第六届福建省大学生程序设计竞赛-重现赛（感谢承办方华侨大学）Problem A Super Mobile Charger

Problem A Super Mobile Charger

Accept: 217 Submit: 402

Time Limit: 1000 mSec Memory Limit : 32768 KB

Problem Description

While HIT ACM Group finished their contest in Shanghai and is heading back Harbin, their train was delayed due to the heavy snow. Their mobile phones are all running out of battery very quick. Luckily, zb has a super mobile charger that can charge all phones.

There are N people on the train, and the i-th phone has p[i] percentage of power, the super mobile charger can charge at most M percentage of power.

Now zb wants to know, at most how many phones can be charged to full power. (100 percent means full power.)

Input

The first line contains an integer T, meaning the number of the cases (1 <= T <= 50.).

For each test case, the first line contains two integers N, M(1 <= N <= 100,0 <= M <= 10000) , the second line contains N integers p[i](0 <= p[i] <= 100) meaning the percentage of power of the i-th phone.

Output

For each test case, output the answer of the question.

Sample Input

2

3 10

100 99 90

3 1000

0 0 0

Sample Output

2

3

题意：你有一个超级充电宝，别人的充电宝充到100%就满了，问你可以给几个人充满电。

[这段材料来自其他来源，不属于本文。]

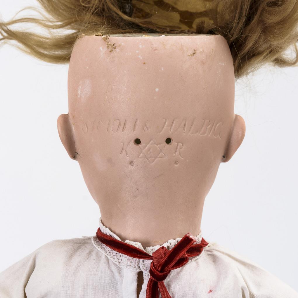 Kurbelkopf, blaue Schlafaugen, schöne alte Ohrringe, blonde Mohairperücke. 15-teiliger Gliederkörper. Weißes Kleid, roter Samthut, alte Kinderschuhe. Langer Haarriss vom Hinterkopf bis zum Kinn. Beine mit übermalten Farbdefekten, 1 Finger rechts repariert.
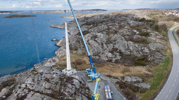 • Det första vindkraftstornet i trä har rests utanför Göteborg
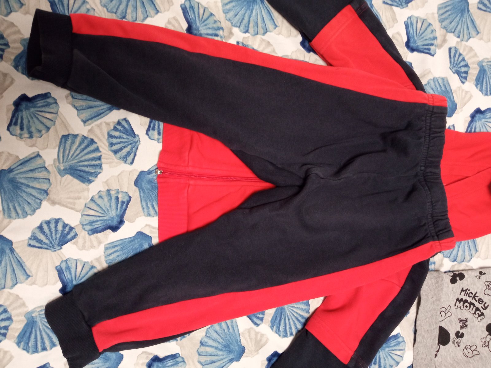 Po synovi 3 teplákové súpravy 18-24m a 2-3roky, veľkostne všetky rovnaké, všetky nosené, modrá súprava má zasivanu dierku na zadku. Červená ma pudlovy strih, a mikina Mickey mouse má aj tepláky (tie sú najviac nosené - nie je zahrnuté v cene, pribalim ako grátis). Určite ešte dobre poslúžia. Cena symbolická. Poštovné ako balík na pobočku pošty 3.90€.
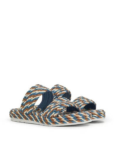 Разноцветные сандалии из плотной ткани.
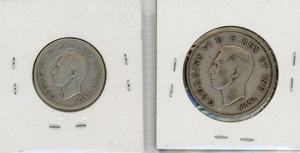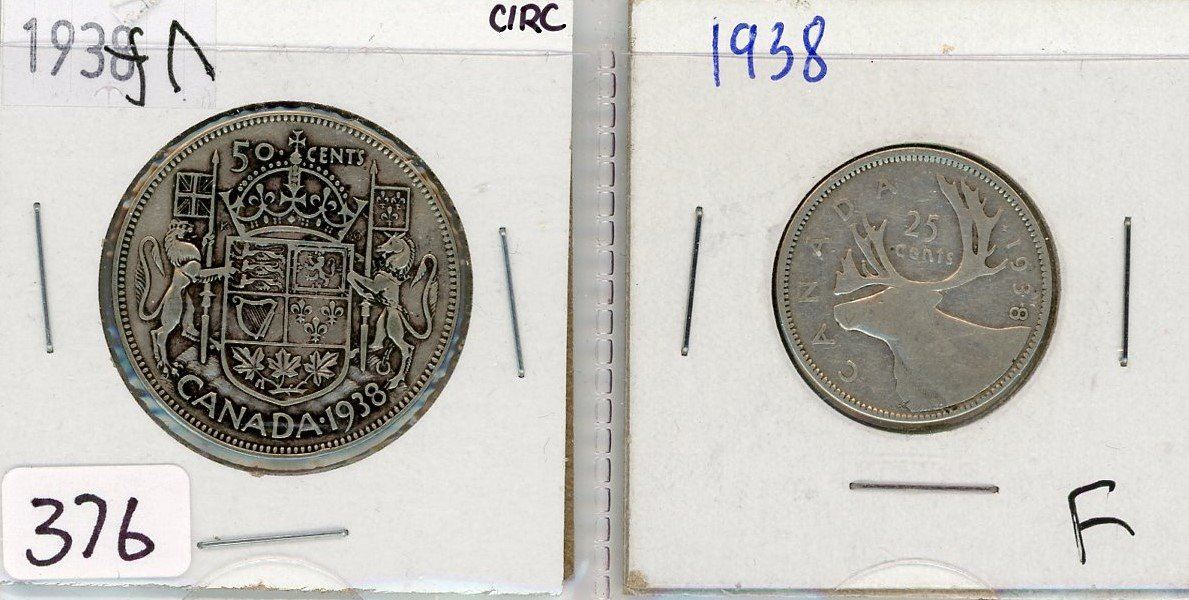 1-FIFTY CENT COIN AND 1-TWENTY FIVE CENT COIN (CANADA) *1938*
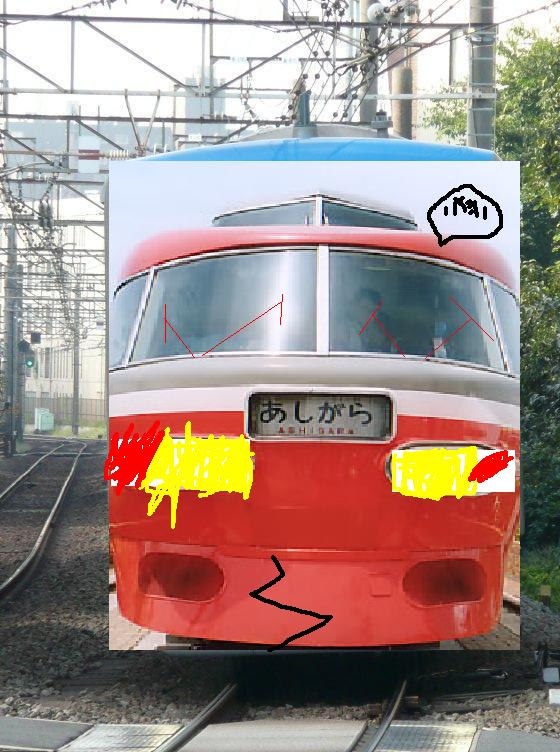 458号はの返事をします。 全体の色も変えてみては? 京浜東北線色や総武線色とか・・・・。 あとおもいっきり顔以外ステンレスとか・・・。 かなりネタ切れしそうです。 |
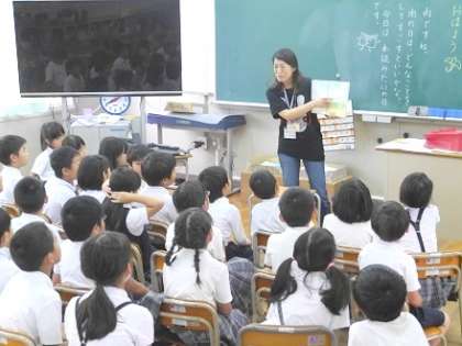 「わくわく本読み隊」は、1年生から7年生まで、隔週で水曜日に実施しています。児童生徒たちは、身を乗り出して目をキラキラと輝かせ、静かに聴き入っていました。絵本による読み聞かせによって、情景を頭の中で思い描くことは、感性豊かな想像力や表現力、読解力につながっていく と思います。

思路：电量从大到小排序，算最多能给几个人充，ps：对方电满的话也算充了1个。

ac-code：

#include<cstdio>
#include<cstring>
#include<cstdlib>
#include<algorithm>
using namespace std;
bool cmp(int a, int b)
{
return a > b;
}
int p[105];
int main()
{
int t;
scanf("%d", &t);
while(t--)
{
int n,m;
scanf("%d%d", &n, &m);
int i,j,k;
for(i = 0; i < n; i++)
scanf("%d", &p[i]);
int sum = 0;
sort(p, p+n,cmp);
for(i = 0 ; i < n; i++)
{
if(p[i]==100)
sum++;
else{
m = m-(100-p[i]);
sum++;
if(m < 0){
sum--;
break;
}
}
}
printf("%d\n", sum);
}
return 0;
}